Assignment ▸ Every line below must be reproduced exactly; no pictures are to be included.

*** Opening Data extract ***

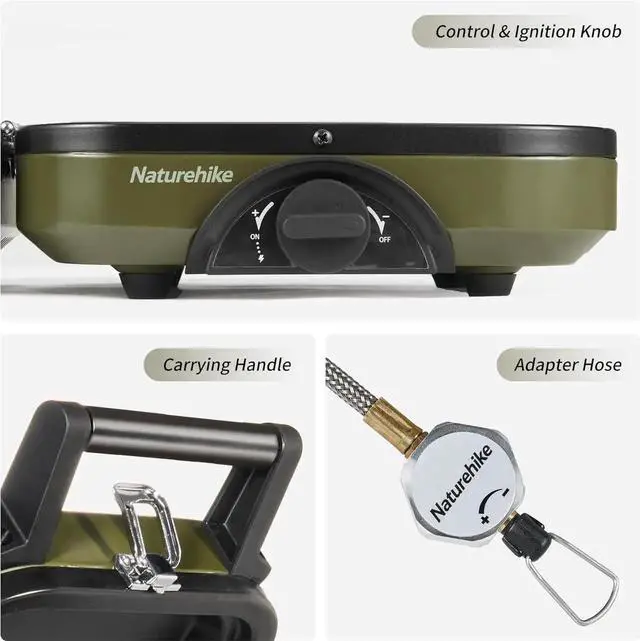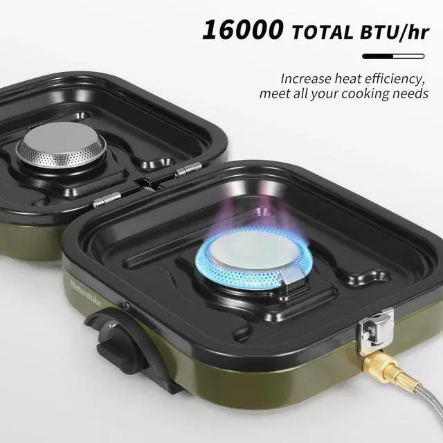 [PORTABLE AND MULTIFUNCTIONAL] Naturehike's folding camp stove is portable and lightweight, folding into a small handbag size( 10.6 x 8.5 x 5.1 and 5.5 lbs in weight). It eliminates the need for extra frying pans, making cooking a breeze with its built-in griddle. false[BUILT TO LAST] The 2 burners are made of rust-resistant, heat-resistant 430 stainless steel with a durable matte frosted shell surface. Capable of supporting 11 lbs each, compatible with isobutane or mixed isobutane fuel canisters. false[STEPLESS ADJUSTMENT] The 2 burners can be controlled separately with a stepless adjustment feature.
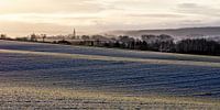 Winterdag in de velden rond Eyserhalte met zicht op kerk van Vijlen in het Limburgse Heuvelland.
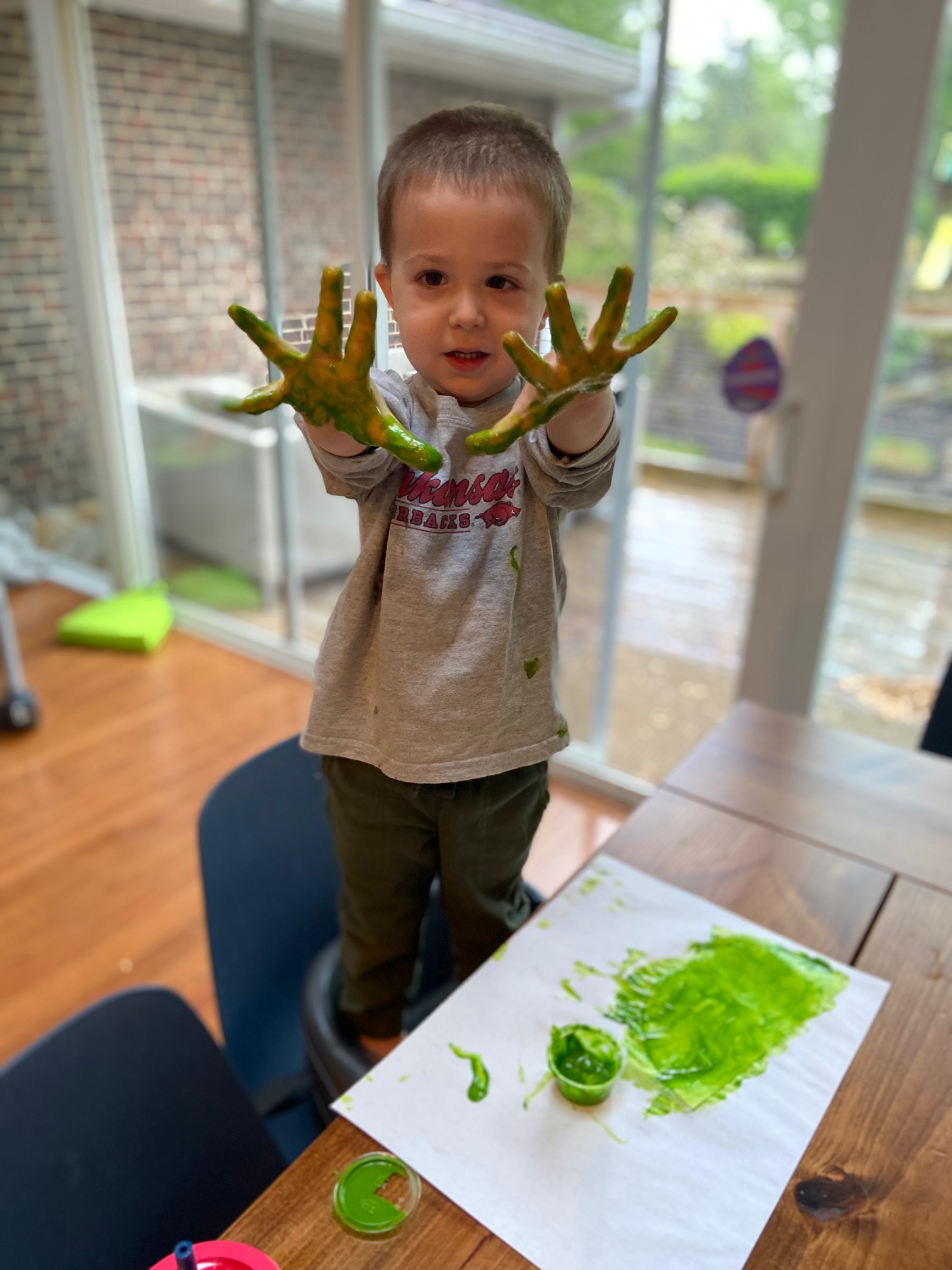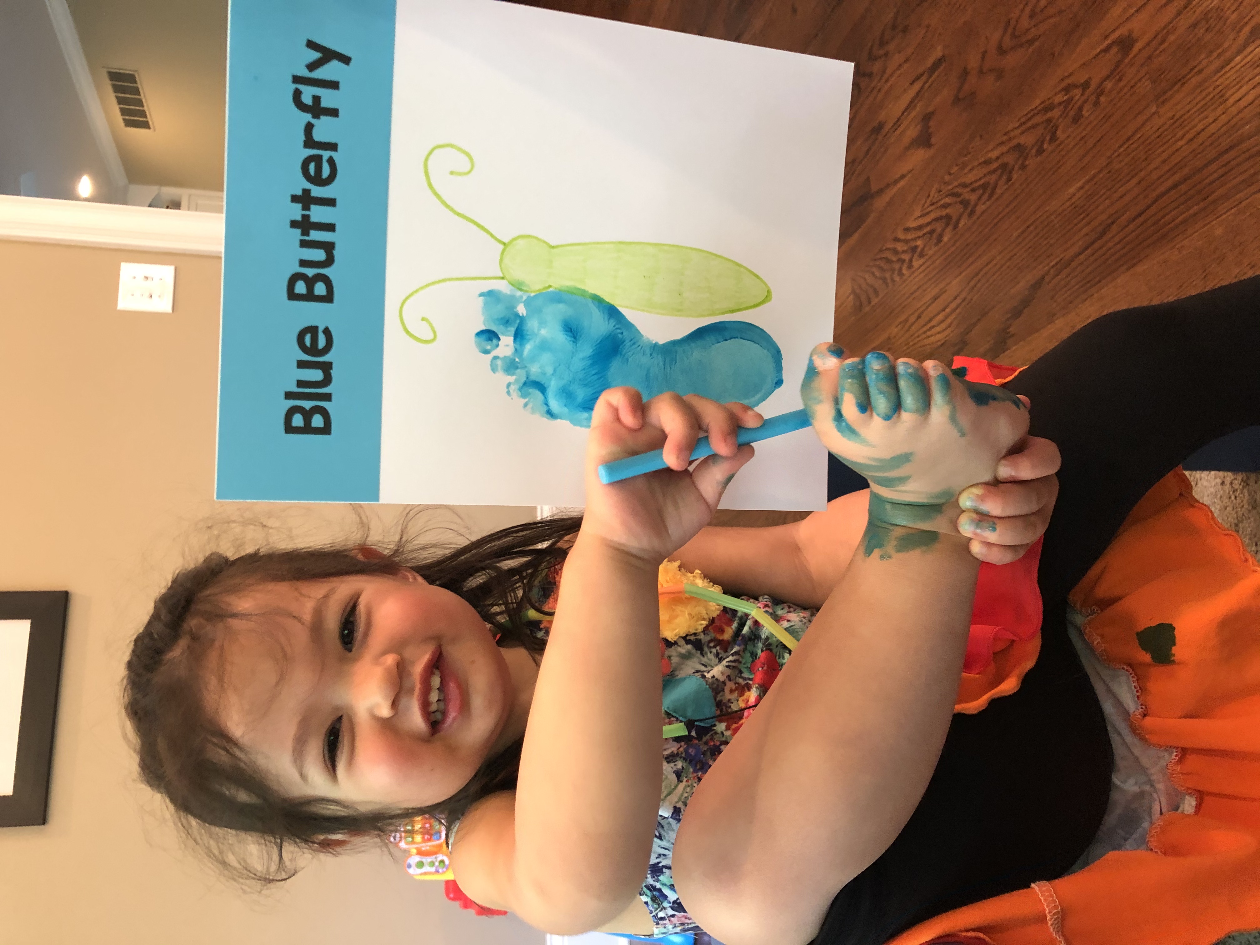 Orange discovery bins have been a big hit this month.  The toddlers practiced fine motor skills, counting and sorting while finding Halloween cats in the orange lentils.  We also painted hands orange to make a page for our color book.  A wall mural, orange playdough, and painting with orange have all been fun and engaging activities to celebrate the color orange.

*** Closing Data extract ***

Task solution ▸
 [PORTABLE AND MULTIFUNCTIONAL] Naturehike's folding camp stove is portable and lightweight, folding into a small handbag size( 10.6 x 8.5 x 5.1 and 5.5 lbs in weight). It eliminates the need for extra frying pans, making cooking a breeze with its built-in griddle. false[BUILT TO LAST] The 2 burners are made of rust-resistant, heat-resistant 430 stainless steel with a durable matte frosted shell surface. Capable of supporting 11 lbs each, compatible with isobutane or mixed isobutane fuel canisters. false[STEPLESS ADJUSTMENT] The 2 burners can be controlled separately with a stepless adjustment feature.
 Winterdag in de velden rond Eyserhalte met zicht op kerk van Vijlen in het Limburgse Heuvelland.
 Orange discovery bins have been a big hit this month.  The toddlers practiced fine motor skills, counting and sorting while finding Halloween cats in the orange lentils.  We also painted hands orange to make a page for our color book.  A wall mural, orange playdough, and painting with orange have all been fun and engaging activities to celebrate the color orange.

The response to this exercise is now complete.